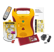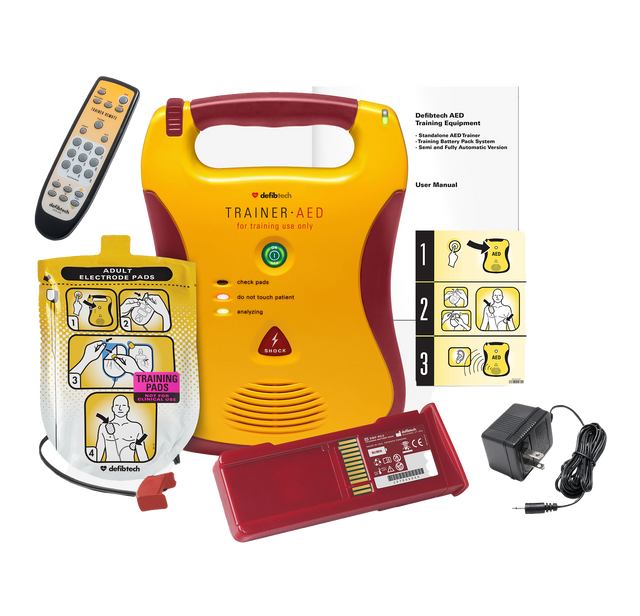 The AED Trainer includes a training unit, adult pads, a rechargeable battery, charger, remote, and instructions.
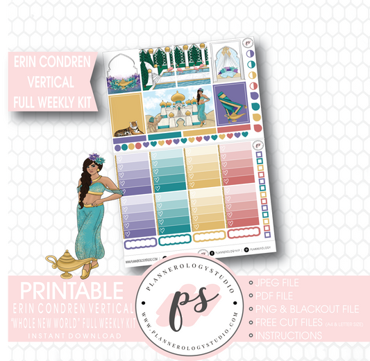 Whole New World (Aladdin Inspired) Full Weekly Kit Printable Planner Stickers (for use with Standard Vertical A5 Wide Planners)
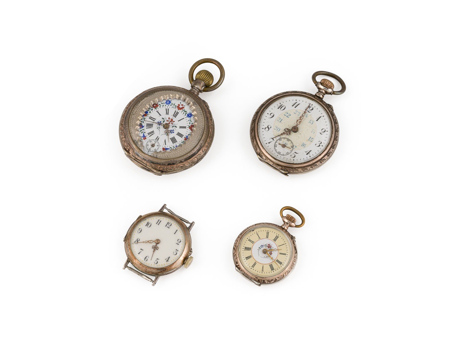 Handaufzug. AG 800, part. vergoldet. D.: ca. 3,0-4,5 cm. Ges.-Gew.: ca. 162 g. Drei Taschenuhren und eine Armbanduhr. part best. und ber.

### About this exercise
For every line above, produce an exact transcription that omits the images.

### Reply
 The AED Trainer includes a training unit, adult pads, a rechargeable battery, charger, remote, and instructions.
 Whole New World (Aladdin Inspired) Full Weekly Kit Printable Planner Stickers (for use with Standard Vertical A5 Wide Planners)
 Handaufzug. AG 800, part. vergoldet. D.: ca. 3,0-4,5 cm. Ges.-Gew.: ca. 162 g. Drei Taschenuhren und eine Armbanduhr. part best. und ber.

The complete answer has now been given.